I shake my head. “Luis, I’ve worked for you all for thirteen years, I would never run—”

“Of course you wouldn’t,” he says broadly. “I’m not worried about that. Because you know, Mike. You know how we would react to that.And it’s a shame, with you already losing your wife ...” He stands and claps his hands on either side of my shoulders, and I remember when I first met him. I’d found him charming. We’d met at a Vegas craps table and then taken shots with cigars, and he’d asked me a dozen questions about diversification of portfolios, and I had come home and bragged to Lillian about the new client I had. The new client, who was bringing over a mid-six-figure account. Back then, I thought that was big. Back then, I was so impressed by Luis and his future possibilities that I bent a few securities laws. Wee ones. Unimportant ones.
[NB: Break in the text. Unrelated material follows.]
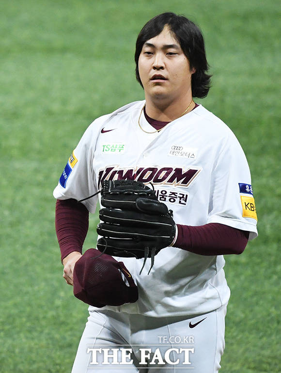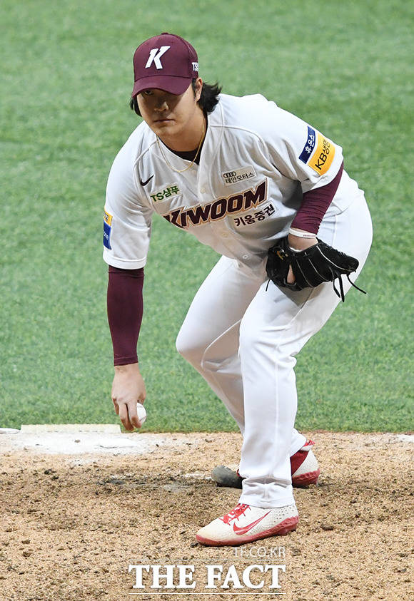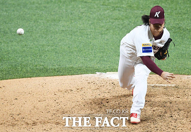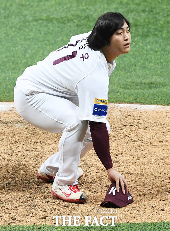 [더팩트ㅣ배정한 기자] 프로야구 2019 신한은행 마이카 KBO리그 한국시리즈 4차전 두산 베어스와 키움 히어로즈의 경기 26일 오후 서울 구로구 고척스카이돔에서 열렸다. 6회초 키움 조상우가 투구를 하던 중 모자가 벗겨지고 있다.

I stepped over the line and it moved. Then I stepped over it again and it grew fainter. Blurrier. I took a few more steps, and now I’m here, and my son is somewhere “safe,” and all I need to do to bring him back is move $400 million that I can’t access.
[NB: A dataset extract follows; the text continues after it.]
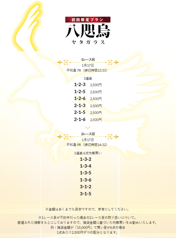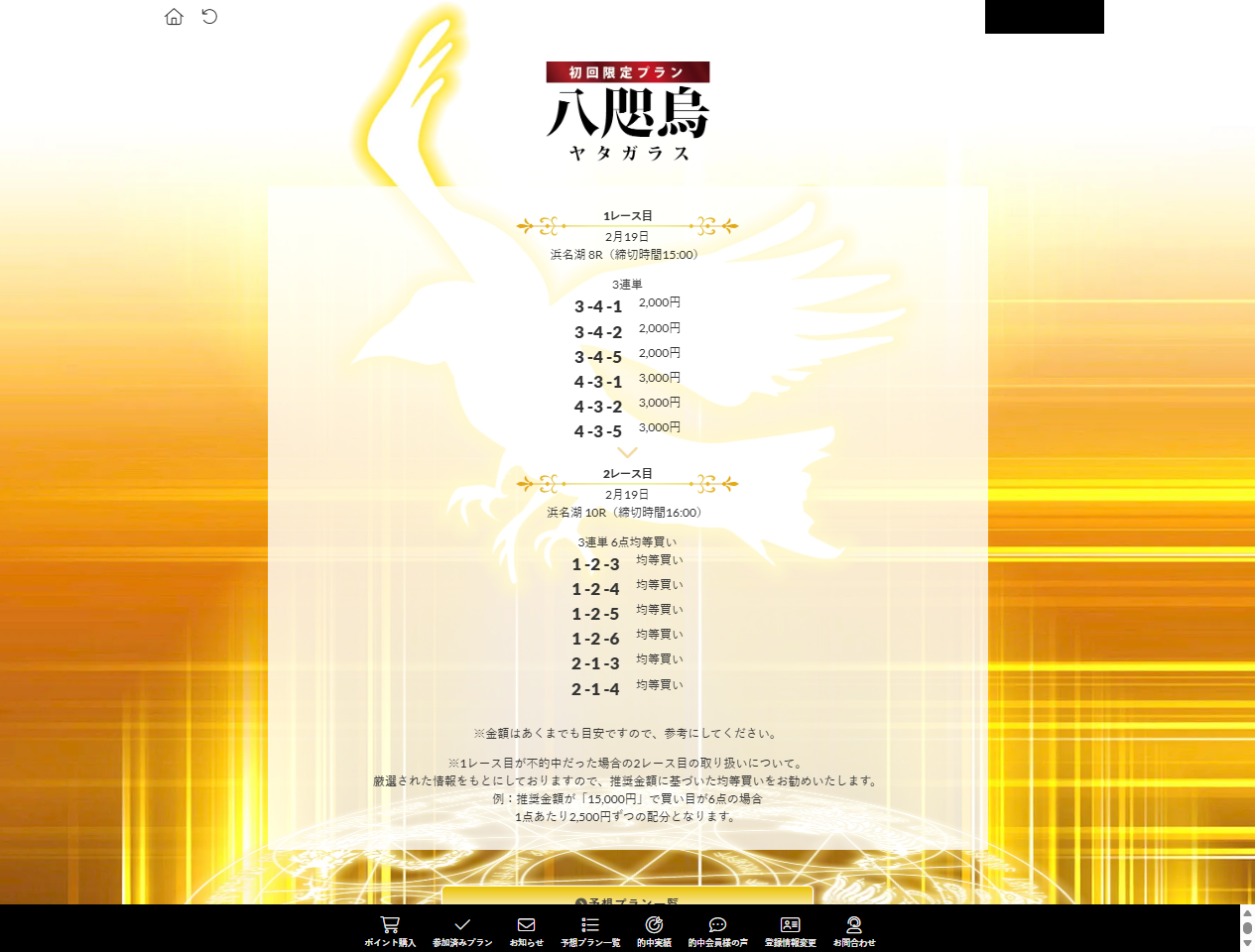 有料プランは全10種類。初回限定の「八咫烏(やたがらす)」と上級予想プランが3つ、厳選プランが4つ、お試し予想プラプランが3つ。価格は9千円~50万円と幅広いです。
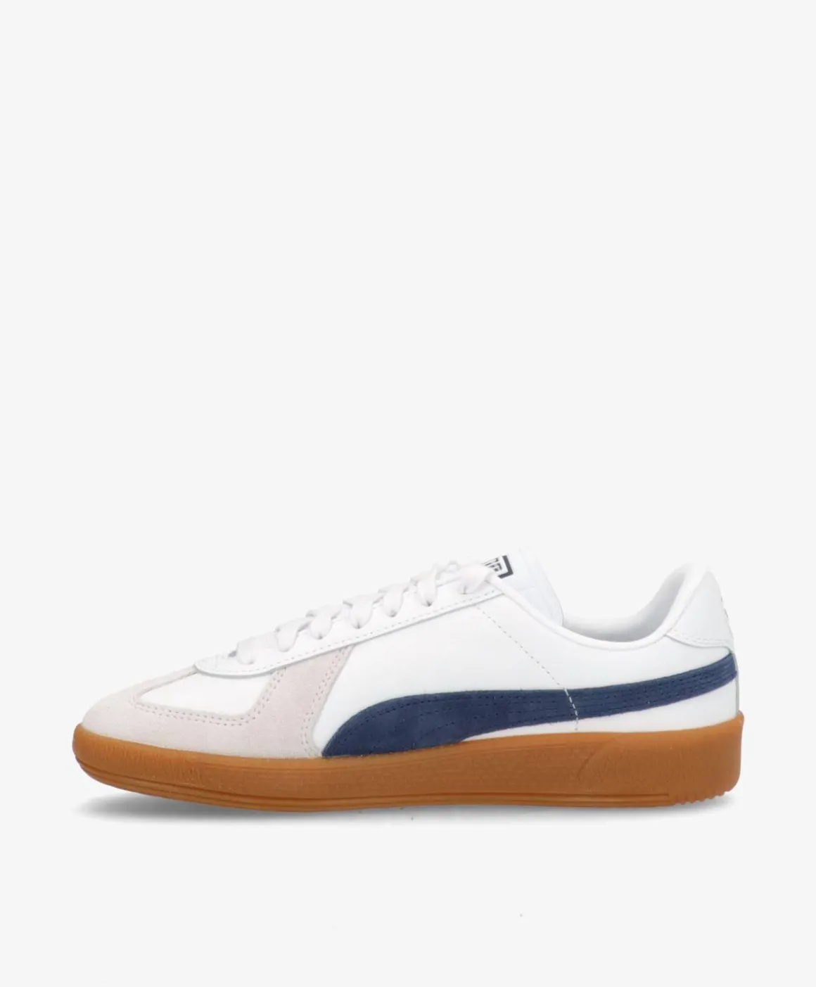 Puma Army Trainer sneakers til kvinder kombinerer klassisk design med moderne komfort. Disse sneakers i hvid og blå har en holdbar læderoverdel, en slidstærk gummisål i brun, og en polstret indersål for ekstra komfort. Den klassiske snørelukning sikrer en sikker pasform, og de subtile gulddetaljer tilføjer et strejf af elegance. Perfekte til daglig brug og passer godt til både casual og sporty outfits.

His hands tighten on my shoulders, and he is looking up into my face and giving the same warm, encouraging smile that he gave to Wes Flockhart, right before he used a drill bit on his left collarbone. “We want to make sure you’re okay, Mike. Because my partners, they are getting nervous.”

As they should be. They should be shitting their pants, because if this savings account is gone—and it is gone—every one of them is ruined and dead. Including me. And including Jacob.

He smiles again, but I can see the fear in his eyes, and I wonder if he’s the one who put that bug in Lillian’s calendar. “So let’s go together, Mike. Let’s go and transfer Colorado to where it belongs.”

CHAPTER 66

LILLIAN

Something has changed, and Aerosmith and Tank Top are all business, and they are moving Jacob down a staircase and into the basement. Now is when my mothering instincts scream the alarm because nothing good exists in this basement. There are shackles—actual shackles—attached to the wall and hanging, waiting for someone’s wrists and ankles. I don’t have to see this. I could fade away, return to the morgue, where I could watch as they pin my skin back together in a way that will look natural for the funeral. Or I could go to the house and watch as my husband continues to coldly rearrange his life to accommodate one fewer person. But if Jacob has to be here, I will be here. I will feel each pain and watch and agonize because that is my duty as a mother, even if I feel like I’m fading with each hour that passes. Even now, as they say something to him, as they push him into the chair and one of the men draws his gun ... their voices are beginning to muffle, and Jacob is blurry, then sharp. I blink rapidly and try to ground myself, try to stand in between his chair and the gun, try to say something that someone will be able to hear. I plead that we have money, that we will pay, that they do not need to kill this boy.